Vilifying and criminalizing Asians who have been pushed over the edge emotionally and physically by persistent racial harassment or violence in their daily lives, and probably compounded by routine and pervasive anti-Asian racism in America's media, is tantamount to legitimizing the practice. In regards to this latter point it is worth remembering that there is a scene in the recent Men In Black III movie in which the two heroes find humour in racial murder and employ slapstick violence to basically re-enact the racist murder of Vincent Chin - turning racial violence against Asians into a normal function of the interaction with Asian people. It should be no surprise then, that some Asians are pushed to the very edge of endurance in the face of persistent and pervasive racism.
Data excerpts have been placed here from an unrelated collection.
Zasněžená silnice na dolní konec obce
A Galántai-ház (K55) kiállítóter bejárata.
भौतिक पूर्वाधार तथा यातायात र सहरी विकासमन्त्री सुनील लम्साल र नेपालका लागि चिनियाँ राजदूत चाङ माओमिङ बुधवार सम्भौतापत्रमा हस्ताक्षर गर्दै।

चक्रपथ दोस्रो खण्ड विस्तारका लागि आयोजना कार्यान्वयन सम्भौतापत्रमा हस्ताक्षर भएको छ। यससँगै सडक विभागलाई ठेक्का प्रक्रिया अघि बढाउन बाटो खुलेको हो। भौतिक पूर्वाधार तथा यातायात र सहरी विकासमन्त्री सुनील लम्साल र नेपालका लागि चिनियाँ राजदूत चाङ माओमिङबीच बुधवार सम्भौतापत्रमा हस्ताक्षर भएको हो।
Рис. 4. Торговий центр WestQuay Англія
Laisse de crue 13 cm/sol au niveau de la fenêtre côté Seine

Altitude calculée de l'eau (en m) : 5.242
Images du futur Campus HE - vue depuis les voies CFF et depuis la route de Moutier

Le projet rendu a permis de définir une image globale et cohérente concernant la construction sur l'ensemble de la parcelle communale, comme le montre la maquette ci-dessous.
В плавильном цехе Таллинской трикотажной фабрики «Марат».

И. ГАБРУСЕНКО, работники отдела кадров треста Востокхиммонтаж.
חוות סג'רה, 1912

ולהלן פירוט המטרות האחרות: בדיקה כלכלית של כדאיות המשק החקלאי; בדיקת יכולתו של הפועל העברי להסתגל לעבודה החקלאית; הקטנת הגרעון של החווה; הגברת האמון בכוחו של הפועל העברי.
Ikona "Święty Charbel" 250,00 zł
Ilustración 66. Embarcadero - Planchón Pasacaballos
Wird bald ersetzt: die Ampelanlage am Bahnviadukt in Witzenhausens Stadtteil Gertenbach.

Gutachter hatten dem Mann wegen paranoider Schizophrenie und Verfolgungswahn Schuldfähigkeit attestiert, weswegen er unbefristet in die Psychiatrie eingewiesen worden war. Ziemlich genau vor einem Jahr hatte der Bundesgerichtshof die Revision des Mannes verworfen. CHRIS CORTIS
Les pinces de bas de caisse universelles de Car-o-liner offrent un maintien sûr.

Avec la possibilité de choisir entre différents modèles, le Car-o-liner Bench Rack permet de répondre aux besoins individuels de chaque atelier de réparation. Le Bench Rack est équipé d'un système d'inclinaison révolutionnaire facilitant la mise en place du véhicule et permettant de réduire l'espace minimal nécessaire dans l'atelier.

On this score we should also remember the death of Asian-American soldier, Danny Chen, who committed suicide after enduring weeks of racial abuse from other members of his unit. His tormentors are likely to be punished with a severe slap on the wrist. It would seem that these are the choices offered to Asian-Americans; endure racism passively and good naturedly or commit suicide. The third choice of defending yourself and your family in the same way that white Americans are expected to (after all, the hero who, often violently, stands up to oppression is glorified in American culture), is gravely discouraged at the best of times, and punished at the worst.
In the case of Pham (and the Korean immigrants in the 1992 pogrom), they were doing what any decent father would do; defending their families. That makes Pham a hero in my book.